EXERCISE AIM:
Although the listing below holds pictures, reproduce only its lines from the one containing "Туника женская из" through the last, exactly and without them.

SUPPLIED INFORMATION:

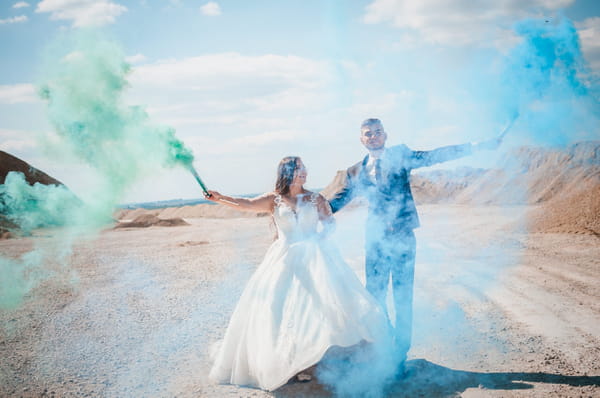 Dans les faits, cette tendance se matérialise souvent par une séance photo organisée quelques jours ou semaines après le mariage (le fameux "Day after"). L'objectif est de prendre le contre-pied total des photos de couple sages et posées du jour J. Les jeunes mariés se donnent rendez-vous dans des lieux insolites et n'hésitent plus à malmener leurs tenues de lumière. On se jette dans les vagues de l'océan, on s'allonge dans la boue d'une forêt, on s'organise une bataille de poudre colorée façon fête de Holi, ou on pose dans une usine désaffectée. Le contraste entre le glamour de la robe blanche et l'environnement brut, voire salissant, donne un résultat très "édito de mode". C'est une façon libératrice et un brin rebelle de faire le deuil de son mariage et de dire adieu à sa robe avec panache.
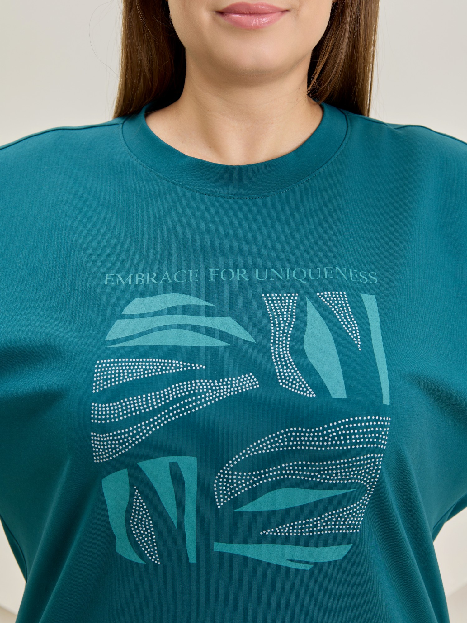 Туника женская из гладкокрашенного полотна «кулирка» с лайкрой, свободного покроя, с втачными рукавами длиной до локтя, горловиной овальной формы, обработанной втачной планкой и разрезами в боковых швах. На полочке принт, выполненный в технике «шелкографии».
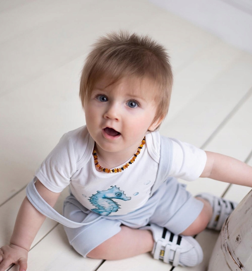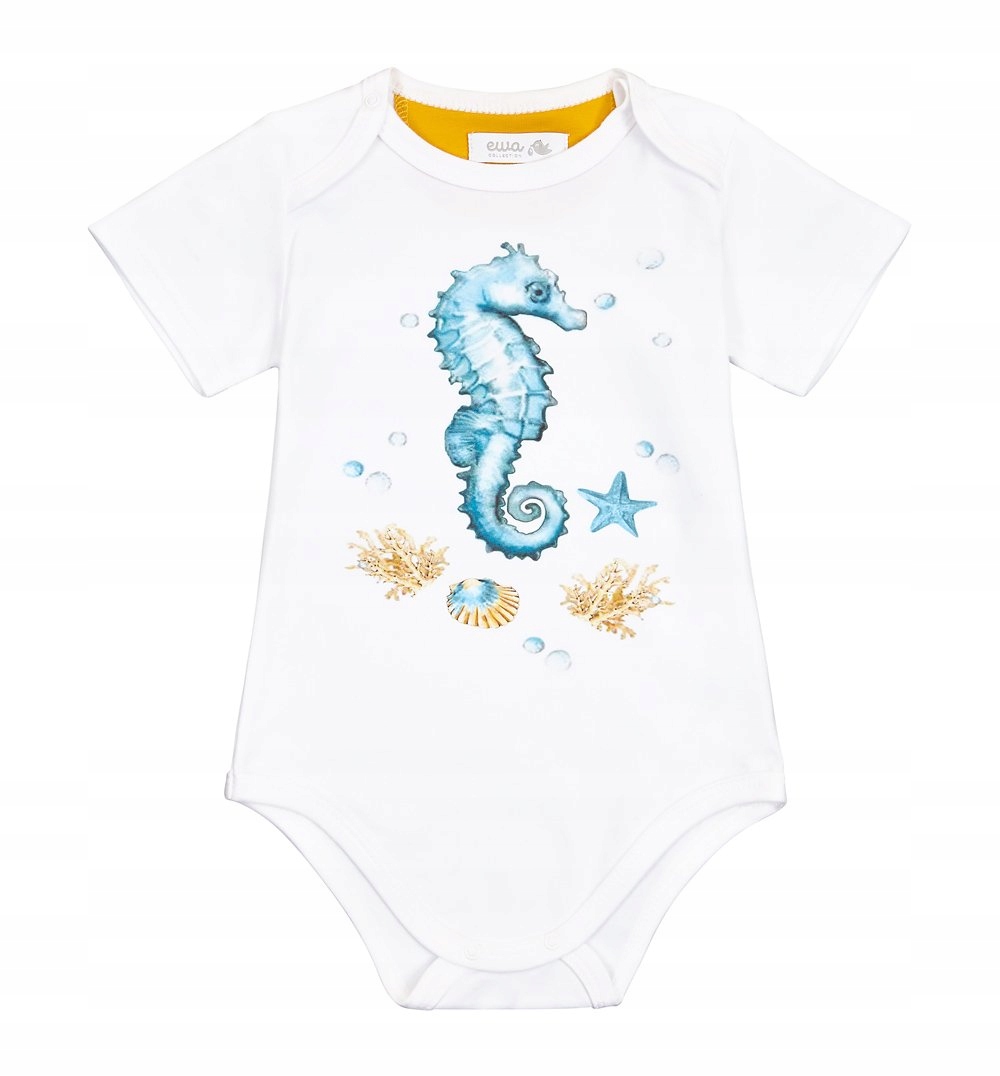 Белое, универсальное тело с короткими рукавами, вшитыми в Польше, с высоким качеством хлопка. Материал очень мягкий и приятный для кожи ребенка. Вырез «на вкладке» - очень простой и быстрый способ одеть младенца. Прессы, вшитые в промежности, не являются несущими и анти -аллергическими. Красочный рисунок в морских лошадях вводит малыша в красивый, подводной мир и прекрасно вписывается в одежду в каждом цвете.
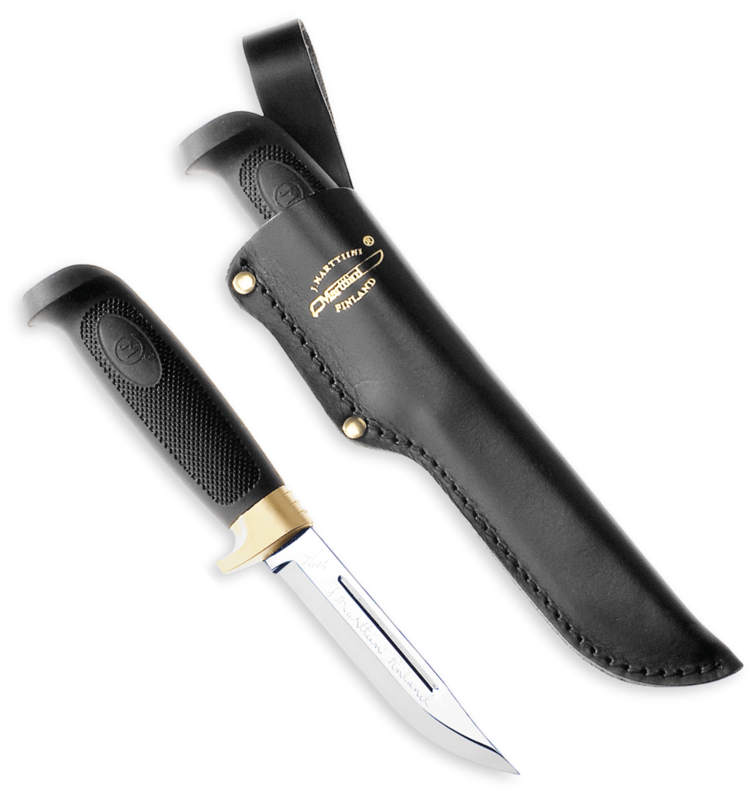 Marttiini Condor Classic 11cm -knivens blad er lavet af rustfrit kromstål og har en længde på 11 cm. Kniven leveres med en sort læderskede. For dem, der foretrækker knive med træhåndtag, findes der også en version med et håndtag af masurbirk (Luxus Classic).
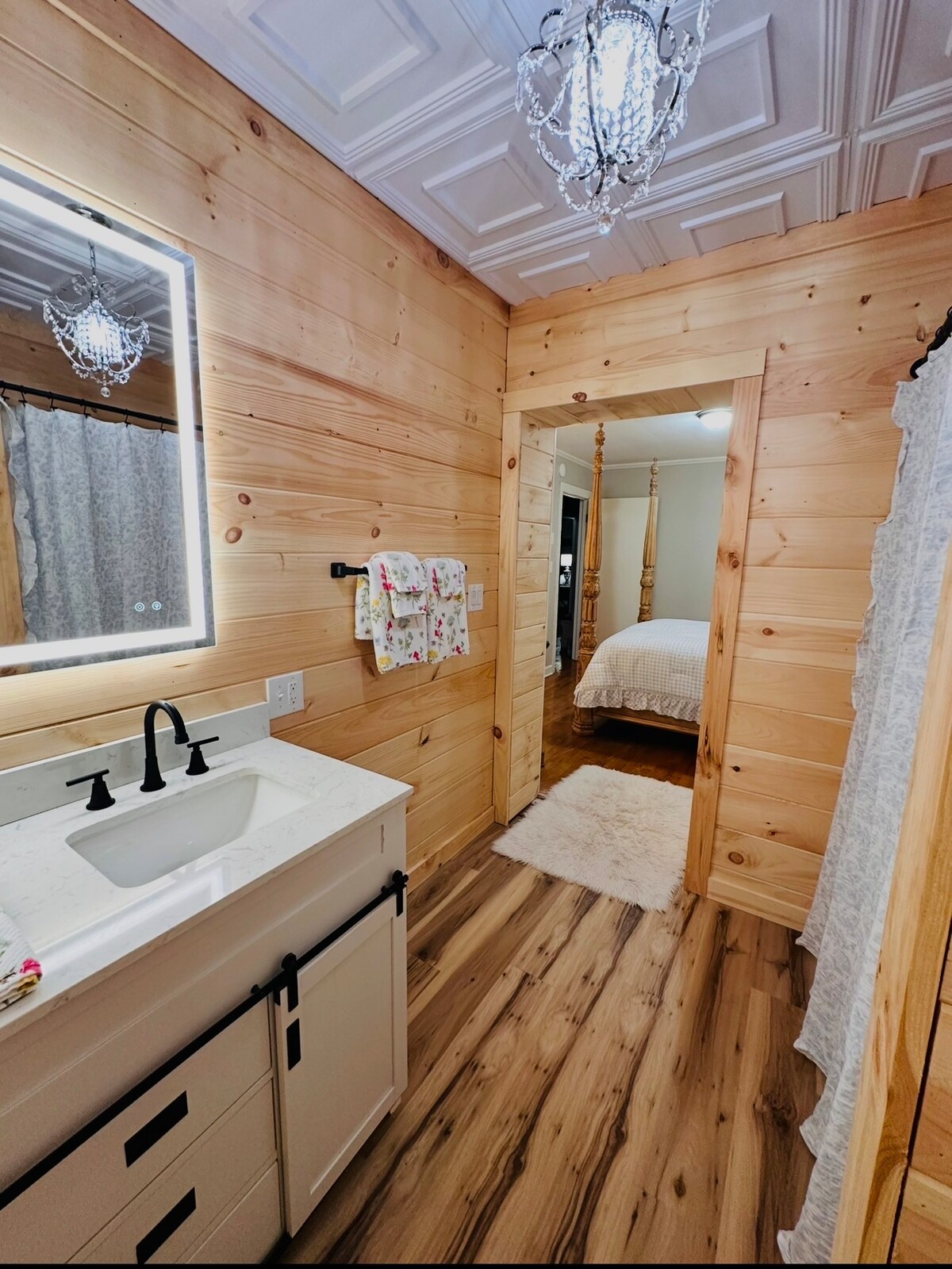 Enjoy a secluded stay in our one of a kind, luxurious log cabin treehouse. The treehouse offers 2 bedrooms, the master bedroom on the main floor with a rock shower and the loft bedroom with a half bath. The treehouse has a full wrap around porch with jacuzzi tub overlooking a spring branch and fire pit. Enjoy the outdoor shower with a 16” rainfall shower head under the treehouse next to the spring branch. Our gravel road welcomes you to a cozy home in the trees.

EXPECTED ANSWER:
 Туника женская из гладкокрашенного полотна «кулирка» с лайкрой, свободного покроя, с втачными рукавами длиной до локтя, горловиной овальной формы, обработанной втачной планкой и разрезами в боковых швах. На полочке принт, выполненный в технике «шелкографии».
 Белое, универсальное тело с короткими рукавами, вшитыми в Польше, с высоким качеством хлопка. Материал очень мягкий и приятный для кожи ребенка. Вырез «на вкладке» - очень простой и быстрый способ одеть младенца. Прессы, вшитые в промежности, не являются несущими и анти -аллергическими. Красочный рисунок в морских лошадях вводит малыша в красивый, подводной мир и прекрасно вписывается в одежду в каждом цвете.
 Marttiini Condor Classic 11cm -knivens blad er lavet af rustfrit kromstål og har en længde på 11 cm. Kniven leveres med en sort læderskede. For dem, der foretrækker knive med træhåndtag, findes der også en version med et håndtag af masurbirk (Luxus Classic).
 Enjoy a secluded stay in our one of a kind, luxurious log cabin treehouse. The treehouse offers 2 bedrooms, the master bedroom on the main floor with a rock shower and the loft bedroom with a half bath. The treehouse has a full wrap around porch with jacuzzi tub overlooking a spring branch and fire pit. Enjoy the outdoor shower with a 16” rainfall shower head under the treehouse next to the spring branch. Our gravel road welcomes you to a cozy home in the trees.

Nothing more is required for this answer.